Of course, some people do like to challenge the limits. Recently, I saw an article attempting to use nearly all-zero initialization for the entire model and achieved decent results. If you're interested, you can read "ZerO Initialization: Initializing Residual Networks with only Zeros and Ones".
Why Add an Extra Dense Layer for MLM?
Finally, regarding a detail of BERT's MLM model: why does BERT add an extra Dense layer and LN layer before the MLM probability prediction? Is it okay not to add them?
The answers I saw previously generally suggested that layers closer to the output are more Task-Specific. By adding an extra Dense layer, we hope this Dense layer is MLM-Specific, and then discard it during downstream fine-tuning because it's no longer MLM-Specific. This explanation seems somewhat reasonable, but it feels a bit metaphysical, as "Task-Specific" is not easy to analyze quantitatively.

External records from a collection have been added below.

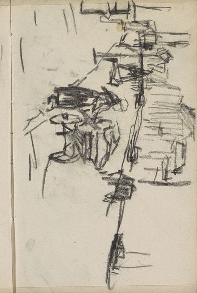 Editor: So, this is "Carriage in a Landscape," a pen and ink sketch by George Hendrik Breitner, dating from around 1886 to 1903. It feels almost like a fleeting thought, doesn't it? Rough and ready. What strikes you when you look at it? Curator: It's interesting, isn't it? A peek into the artist's mind. For me, it feels like Breitner is capturing the essence of movement and transience. The chaotic lines mirror the hustle of urban life, perhaps a precursor to his later, more polished depictions of Amsterdam. Do you sense that fleeting quality as well? That unfinished energy? Editor: Definitely. It's the antithesis of static. Like he was trying to capture the feeling of the carriage more than the precise details. What does this roughness mean for interpreting the work? Curator: Precisely! That's the magic, isn't it? Instead of a detailed record, we get the artist's raw impression. The roughness invites us to participate, to fill in the blanks with our own experiences and imagination. Consider the time period: Photography was becoming more widespread. Artists no longer needed to be mere recorders of reality, freeing them to explore inner landscapes, to capture feeling instead of fact. Is that something you consider? Editor: That makes so much sense. I guess I hadn’t really thought about it in that context. It’s more than just a sketch then, it’s a little window into a shifting world. Curator: Absolutely. It reminds me of jazz music. A spontaneous riff, a fleeting moment of improvisation caught on paper. Now, when you look at it, what feelings does it evoke for you? Editor: Curiosity mostly. It makes me want to see the finished work. It's a reminder that every masterpiece starts with these little experiments. Thanks for pointing that out! Curator: And thank *you* for those excellent observations. I feel as if I've looked at it with fresh eyes! A conversation is truly a way to approach art!
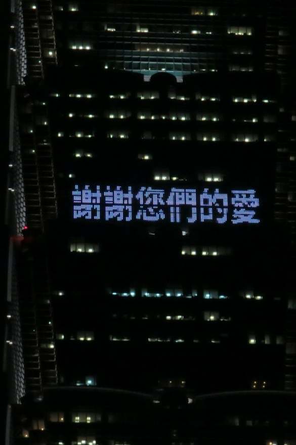 ▼燈光顯示會在大樓北面,約59樓至60樓的外牆秀出,希望大家也可以幫集氣加油。
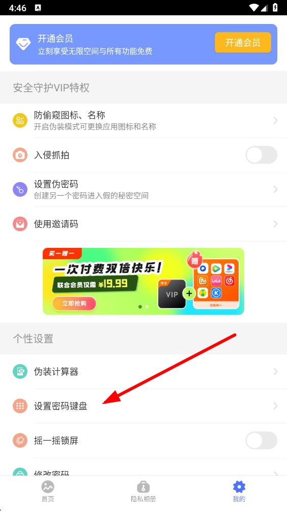 2、在我的界面中,找到并點(diǎn)擊設(shè)置密碼鍵盤選項(xiàng)。
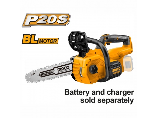 Аккумуляторная бесщеточная цепная пила INGCO CGSLI20128 INDUSTRIAL незаменимый помощник на садовом участке. Цепная пила применяется для валки деревьев и заготовки дров. Модель: INGCO CGSLI20128
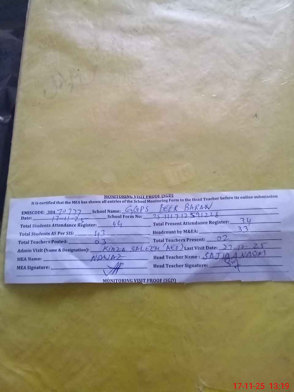 | Attendance Register | Head Teacher | MEA with School | Visit Proof |
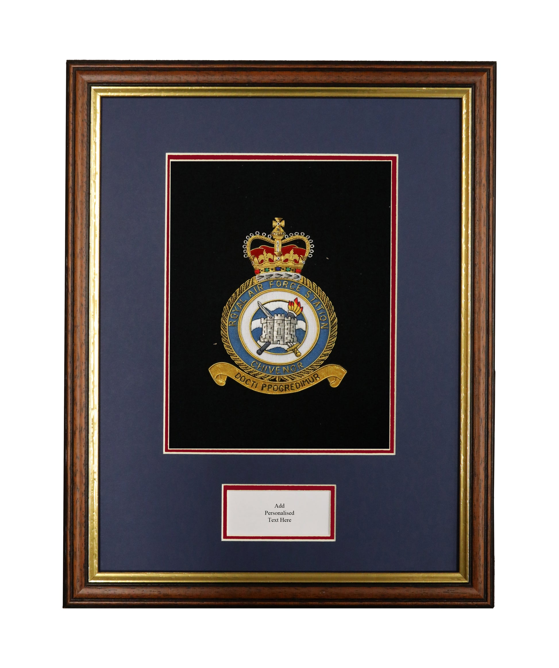 A stunning presentation piece featuring an embroidered crest plus carefully hand-picked double mount colours to represent the Royal Air Force. Framed in a traditional military Skydark frame. This presentation piece features a text box aperture to place a personalised message.

Here I provide a more concrete explanation. In fact, it is still directly related to BERT's use of 0.02 standard deviation for initialization. As we just said, this initialization is quite small. If we predict the probability distribution by multiplying with Embeddings without adding an extra Dense layer, then the resulting distribution would be too uniform (before Softmax, every logit is close to 0), so the model wants to scale the values up. Now the model has two choices: first, scale up the values of the Embedding layer, but updating the Embedding layer is sparse and scaling them one by one is troublesome; second, scale up the input. We know the last layer of the BERT encoder is LN, and LN has a gamma parameter initialized to 1; just scaling up that parameter works.
Model optimization uses gradient descent, and we know it will choose the fastest path. Clearly, the second choice is faster, so the model will prioritize the second path. This leads to a phenomenon: the gamma value of the last LN layer will be relatively large. If a Dense+LN is not added before predicting the MLM probability distribution, then the gamma value of the last LN layer of the BERT encoder will be large, causing the variance of the last layer to be significantly larger than that of other layers, which is clearly not elegant. By adding an extra Dense+LN, the larger gamma is transferred to the new LN, while each layer of the encoder maintains consistency.
In fact, readers can observe the gamma values of each LN layer in BERT themselves, and they will find that the gamma value of the last LN layer is indeed significantly larger. This verifies our hypothesis!
Conclusion
This article has attempted to answer several questions related to the model optimization of Transformer and BERT. Some are results I found in my own pre-training work, and some are intuitive imaginations combined with my experience. In any case, consider this a reference answer. If there are any inaccuracies, I hope you will be patient and offer corrections.